15 years ago today I almost lost him.  A mad man with a truck and a bomb shattered the peace of our city.  Some people would be bitter, but the people here are not.  We have learned that tragedies can happen anywhere, that our loved ones can be gone in an instant, that tragedy is not a respecter of age or social standing.  Today, we will hold our loved ones a little tighter, make sure we tell them we love them, and thank God for the gift of one more day with them.

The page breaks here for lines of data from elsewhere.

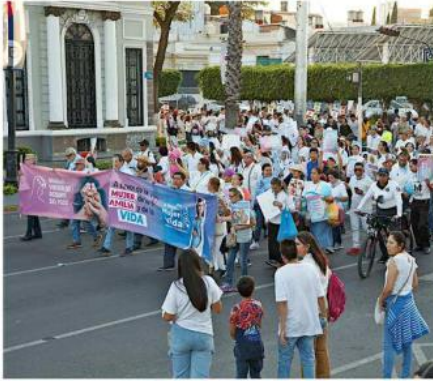
El contingente marchó desde el Templo Expiatorio hasta la Catedral Metropolitana.

A las 17:00 horas comenzaron las actividades afuera del Expiatorio, donde los congregados rezaron el ro-
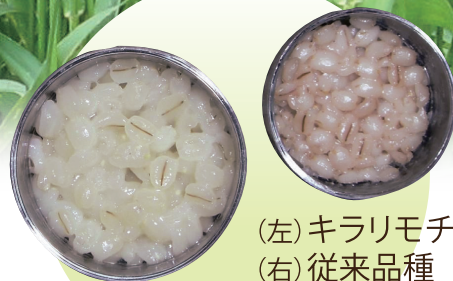
(左) キラリモチ (右) 従来品種 ※炊飯後18時間
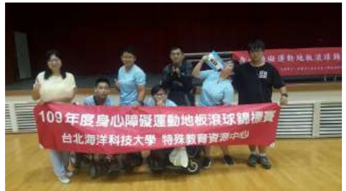
參加全國身心障礙運動地板滾球錦標賽
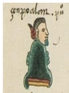
Imágenes 15, 16, 17 y 18. Códice Mendoza o Códice Moctezuma. Bodleian Library, Oxford.
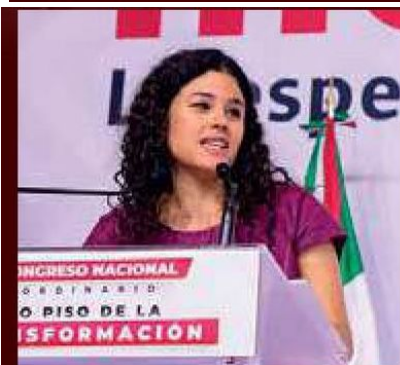
La secretaria de Gobernación dejará su cargo al frente de la dependencia el 30 de septiembre de 2024.

“No voy yo a influir en nada, pero él sí quiere participar en Morena (...) Quiere apostar a ser electo, no impuesto”, dijo López Obrador en una reciente conferencia matutina.

I am one of the fortunate ones.  I lost nothing that day but a little naivete.  But every year this date rolls around and calls to mind all that I have and reminds me to be grateful

Thursday, April 15, 2010

Assimilation

My almost 5 year old nephew is still with us, and will be for a while longer.  The infection in my brother's hand is MRSA, so even though he's looking better, he's not safe for his son to be around yet.

The little guy seems to be folding himself into the fabric of our lives without much trouble.  That's a tall feat for a boy with some special needs.  I credit the kindness and patience of my own children as well as a steady routine for his easy acclimation to our household.  He still looks unsure when we say Grace over dinner or pray at bedtime, but he no longer tries to talk all the way through it either.  He's learning that a loud verbal correction doesn't mean that he's in trouble, but that he just needs to correct what he's doing.  He's learning to run with the pack around here.  He's settling in.

Yesterday on our walk, we rounded the corner to come home and #4 said "There's our house."  The nephew shook his head and said, "No, that's everybody's house."  He's not calling himself one of us, but is one of everybody.  He's making sense of where he is.  He's at the house that belongs to everyone who needs a place to go, the house of safe, the house of routine. (As a teenager, I dreamed of finding this kind of house.) For a little boy who needs a little extra help, those things are wonderful.  I'm glad he's finding them here.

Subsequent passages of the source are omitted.